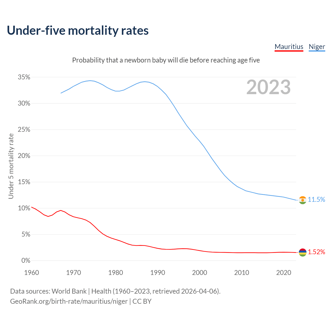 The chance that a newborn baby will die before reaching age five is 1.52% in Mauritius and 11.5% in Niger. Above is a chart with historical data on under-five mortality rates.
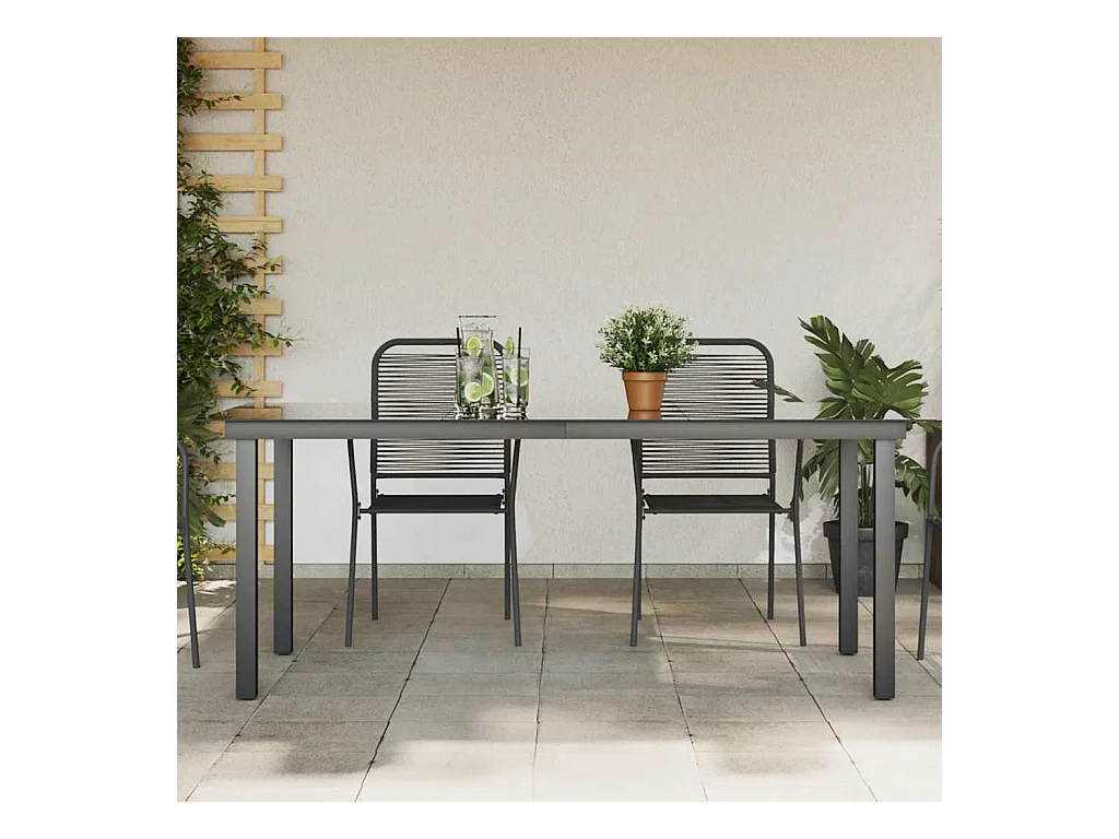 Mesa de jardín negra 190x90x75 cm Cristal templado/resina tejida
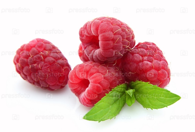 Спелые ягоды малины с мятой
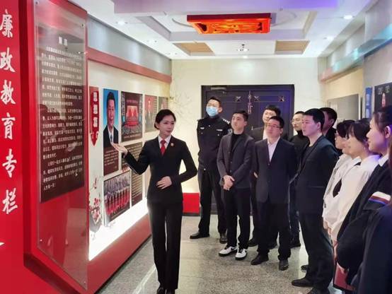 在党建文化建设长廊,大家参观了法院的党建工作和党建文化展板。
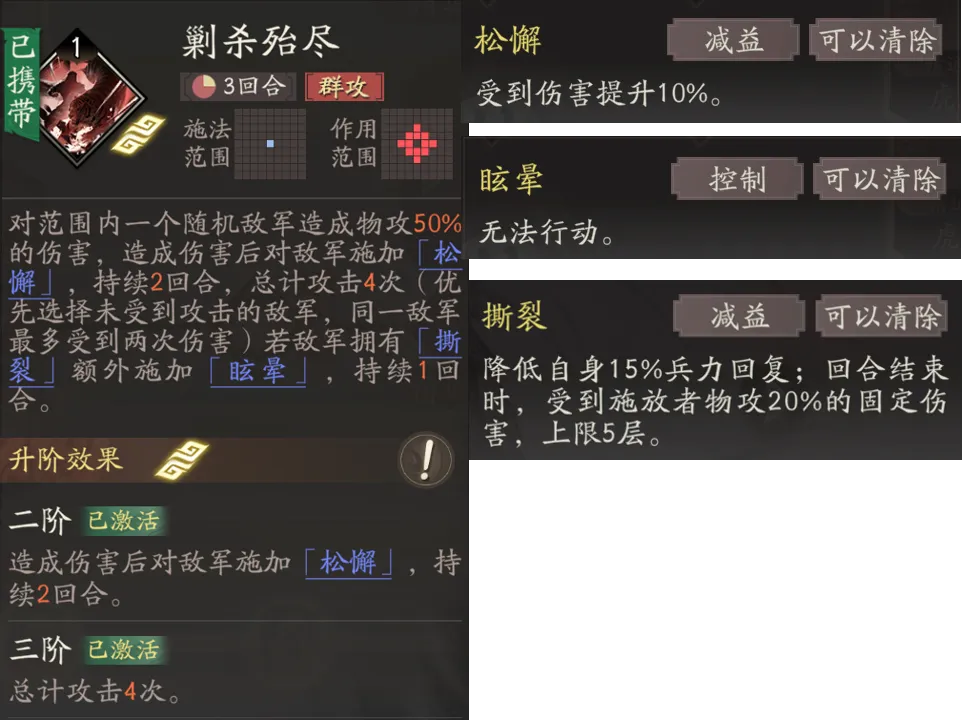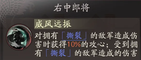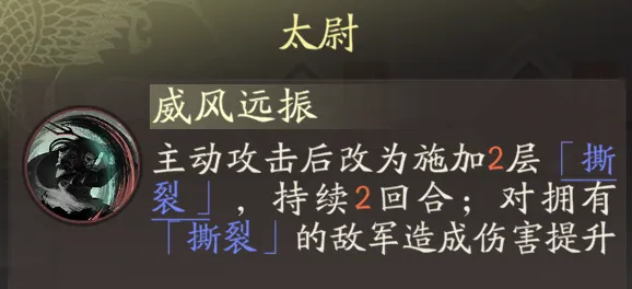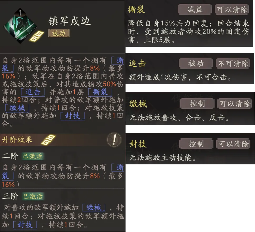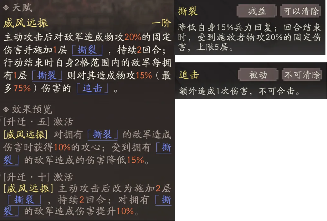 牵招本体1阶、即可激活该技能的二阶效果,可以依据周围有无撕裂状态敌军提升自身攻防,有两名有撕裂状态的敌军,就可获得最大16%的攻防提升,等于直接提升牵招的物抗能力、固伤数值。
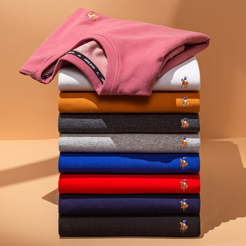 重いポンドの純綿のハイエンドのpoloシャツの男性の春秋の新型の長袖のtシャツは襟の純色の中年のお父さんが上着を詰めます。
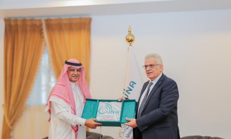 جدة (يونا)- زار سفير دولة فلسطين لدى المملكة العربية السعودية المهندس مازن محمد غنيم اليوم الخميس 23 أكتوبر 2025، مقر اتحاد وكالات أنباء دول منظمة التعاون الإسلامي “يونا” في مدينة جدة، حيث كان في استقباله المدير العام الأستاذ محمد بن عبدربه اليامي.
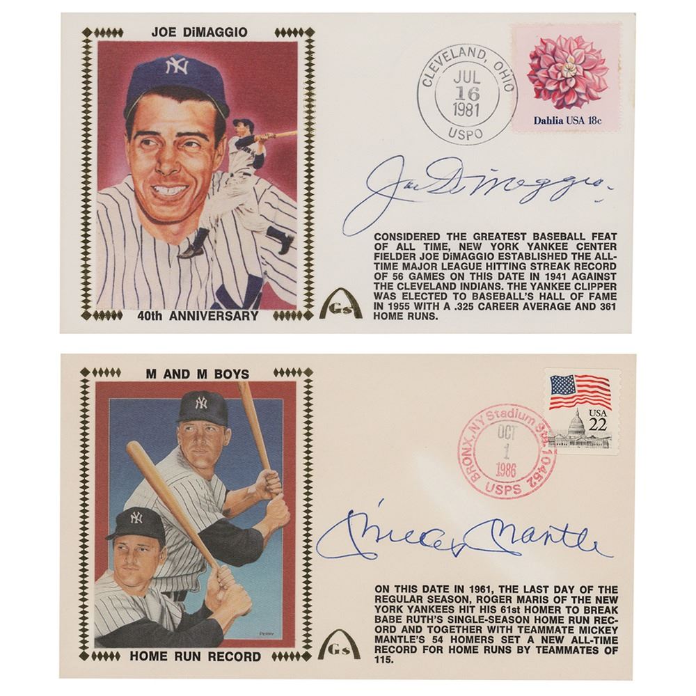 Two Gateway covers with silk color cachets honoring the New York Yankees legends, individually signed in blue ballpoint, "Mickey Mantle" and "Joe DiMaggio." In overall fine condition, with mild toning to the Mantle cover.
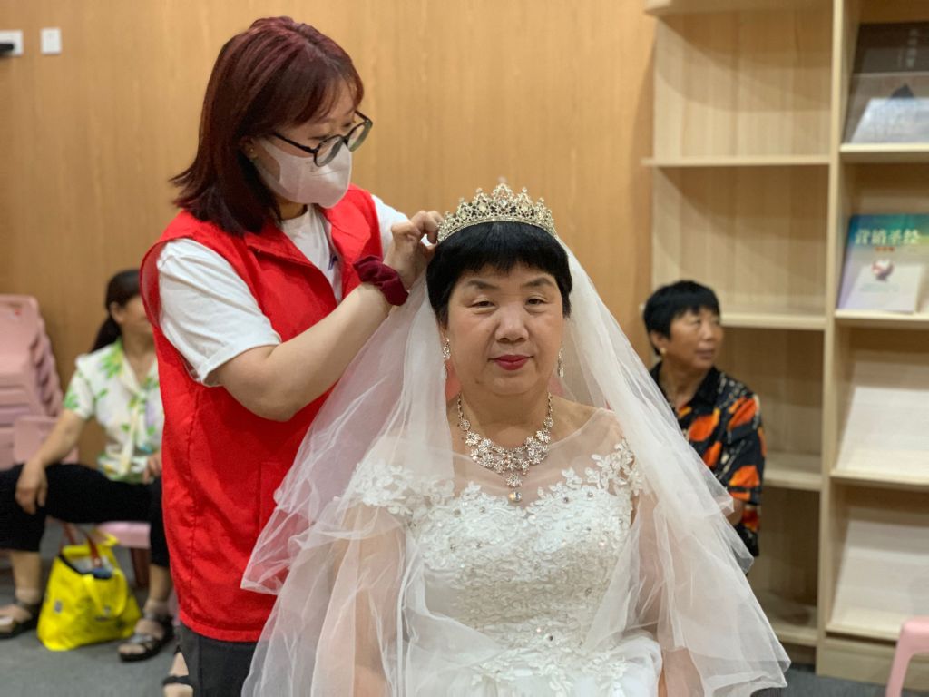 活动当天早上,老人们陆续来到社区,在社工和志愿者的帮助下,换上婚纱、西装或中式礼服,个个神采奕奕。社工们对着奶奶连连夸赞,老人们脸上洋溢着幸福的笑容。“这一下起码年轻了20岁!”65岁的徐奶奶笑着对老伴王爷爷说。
- - -
TASK DIRECTIONS:
Repeat nothing but the lines from the one containing "Two Gateway covers" through the last line of the listing, both included, exactly as written, and omit any picture.

ANSWER TO THE EXERCISE:
 Two Gateway covers with silk color cachets honoring the New York Yankees legends, individually signed in blue ballpoint, "Mickey Mantle" and "Joe DiMaggio." In overall fine condition, with mild toning to the Mantle cover.
 活动当天早上,老人们陆续来到社区,在社工和志愿者的帮助下,换上婚纱、西装或中式礼服,个个神采奕奕。社工们对着奶奶连连夸赞,老人们脸上洋溢着幸福的笑容。“这一下起码年轻了20岁!”65岁的徐奶奶笑着对老伴王爷爷说。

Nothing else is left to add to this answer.